While it’s never a bad idea to review and update trade deals for the changing times, threatening to withdraw from NAFTA is not a joking matter. Wisconsin cannot afford in either jobs or exports to leave NAFTA.
Running for Milton council to do what’s best for residents
The election for Milton City Council is occurring April 3. As a candidate, I encourage all our residents to get out and vote for who they think is best. In our democracy, voting is a citizen’s most important right and privilege.
I graduated from Milton High School in 2014 and will be graduating from UW-Whitewater in May with a bachelor of science degree with an environmental science major and political science minor. I also interned with the city of Milton in the summer of 2017.
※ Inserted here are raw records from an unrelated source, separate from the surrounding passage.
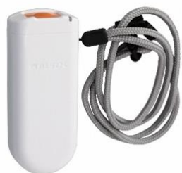
救急ペンダント1台

センサーが24時間反応しなかった場合には、自動的にALSOKへ通報が入り、警備員が駆け付けを行います。
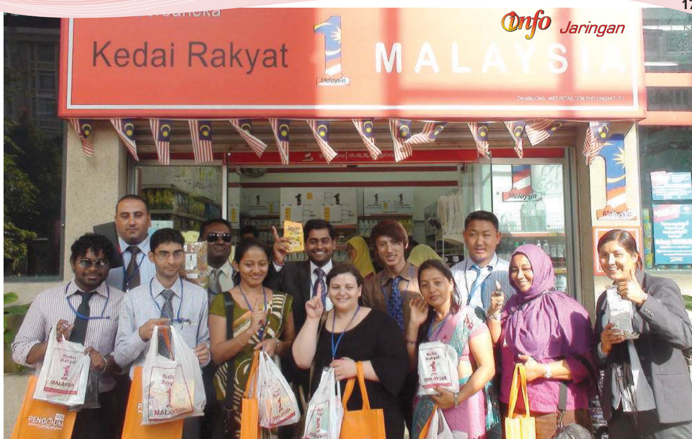
Lawatan ke Kedai Rakyat 1 Malaysia (KR1M) di Kementerian Perdagangan Dalam Negeri Koperasi dan Kepenggunaan
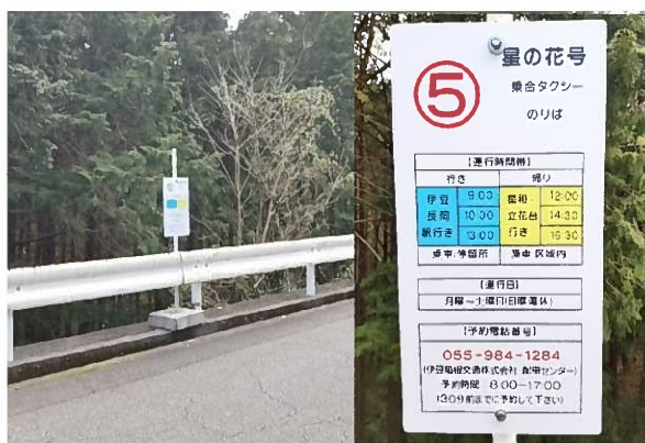
【星の花号/停留所看板】
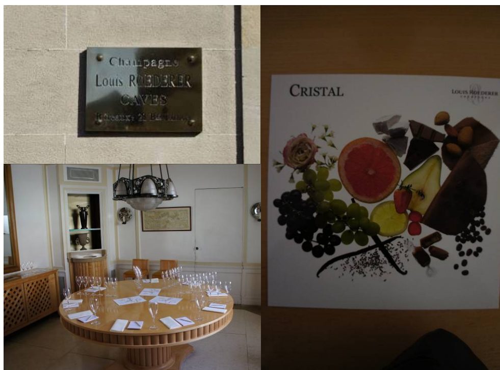
圖一、Louis Roederer 酒莊

創立於西元 1776 年，是香檳區眾多生產香檳的酒莊中相當知名的一個酒莊，1876 年受到俄國沙皇亞歷山大二世的委託，釀造一款帝王專用的高級香檳。當時以透明的水晶酒瓶盛裝。現在這款香檳一般民眾也喝得到，高級香檳 Cristal（水晶）之名眾所皆知，但價格不斐。其酒廠內陳列了許多過去所使用的製酒器具，儼然一個小型的香檳酒博物館。大廳天花板由許多許多水晶燈所構成，光彩奪目氣勢非凡。在大廳旁邊設有可供參訪者試飲品酒的品評室，桌面上擺設了香檳杯與記錄用紙，牆面上掛了該廠從過去到現在的繪畫剪影與水晶香檳的照片。另外一點令人印象深刻的是，該廠針對水晶香檳的特有風味，以水果、香料等實物之照片來加以表現，可以讓參訪者快速瞭解水晶香檳的品質特色，此種表現方式值得學習。
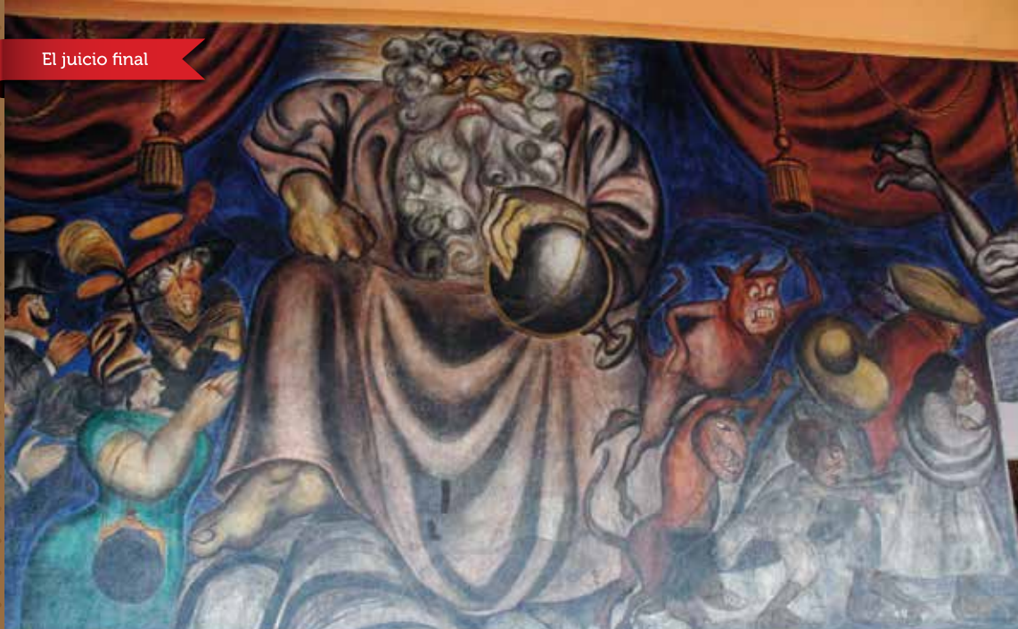
El juicio final

"El juicio final". Fresco (1923-1924). Obra de Orozco, que es una representación irónica de un dios que sostiene el mundo sobre su regazo. A cada lado dos grupos perfectamente diferenciados: los ricos con aureolas y los pobres perseguidos por los demonios.
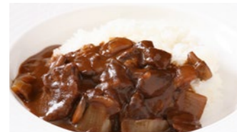
フィレビーフカレー 2,160円
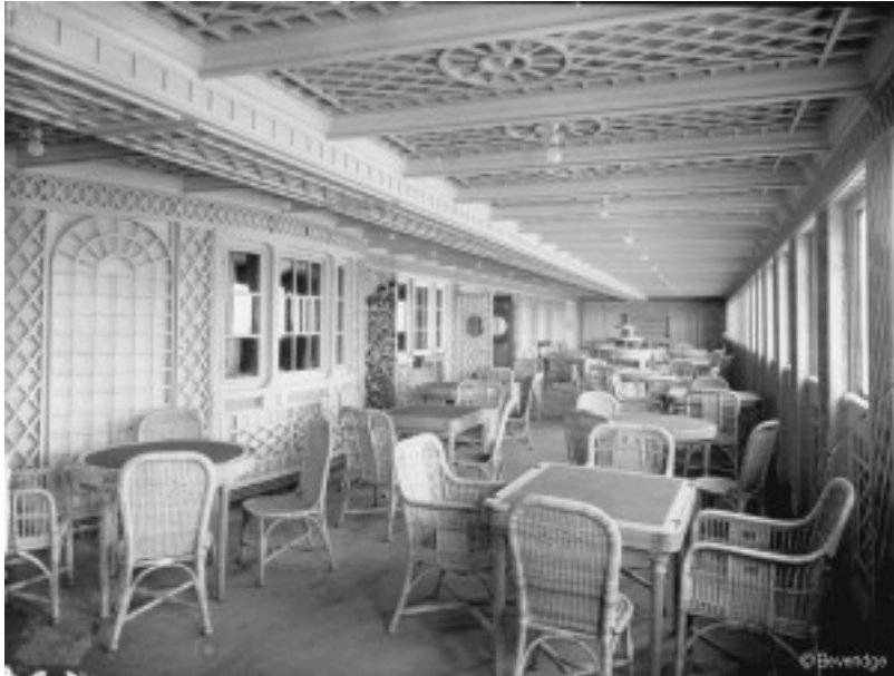
Le Café Parisien

Titanic était prévu, pour séduire les plus hautes strates de la société.
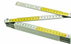
Metro a stecca
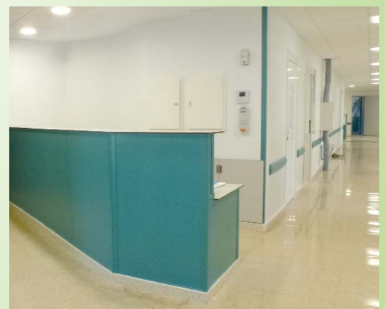
Pasillo planta 9 RG, Urología
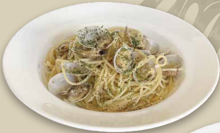
ボンゴレビアンコ 1,500円
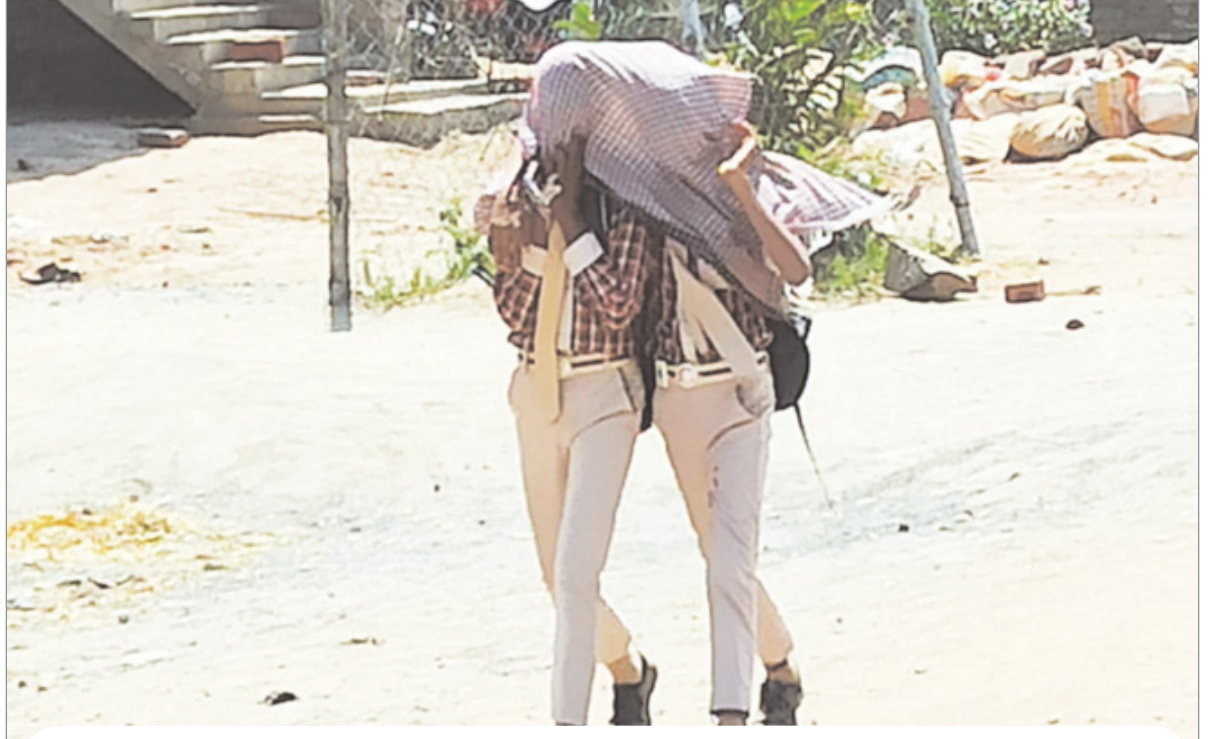
बदलते मौसम की बढ़ती गर्मी से स्कूली बच्चों का हाल-बेहाल ।
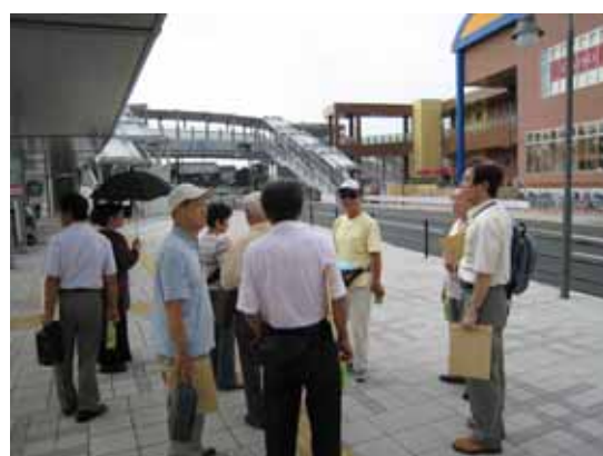
( J R 祝園駅前の西側駅前広場にて )

協議会では、今後ともこうした視察や勉強会を通して将来のまちづくりについて考えていきたいと考えていますので、皆様のご参加・ご協力をよろしくお願いいたします。
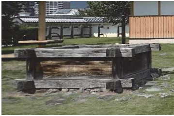
井戸（稲荷曲輪・数寄屋曲輪地区）
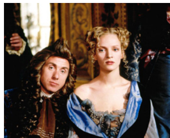
2000 VATEL (Vatel) de Roland Joffé avec Uma Thurman
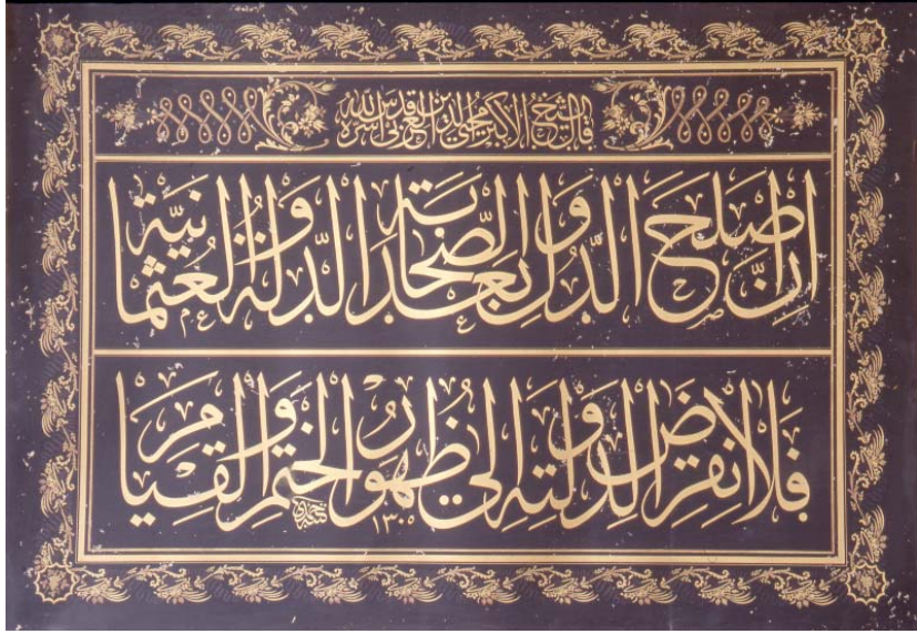
Resim 14: Zamanında Yıldız Hamidiye Camii'nde Aslı Olan Muhsinzâde İmzalı, İbn Arabî'ye İzafe Edilen Söz

As a resident of Milton, I became interested in the local politics to ensure that our sense of community remains strong and that the enforcement of environmental protections remains robust in this time of economic change and expansion in our city. The economy and business sector are not disconnected from the natural world. My economics professor often reminded me that “we don’t have to sacrifice a strong economy for a healthy environment” (quote by Dennis Weaver). Milton can achieve balance between a sustainable environment, a successful business sector and a positive quality of life.
I believe in fiscal accountability which supports a stable and safe community. I want to govern in ways that benefit city infrastructure, businesses, employees and residents. Milton is a great place in which to live and work. If elected as your alderperson, I pledge to do what is best for all residents today and in the future. Thank you for your support and vote!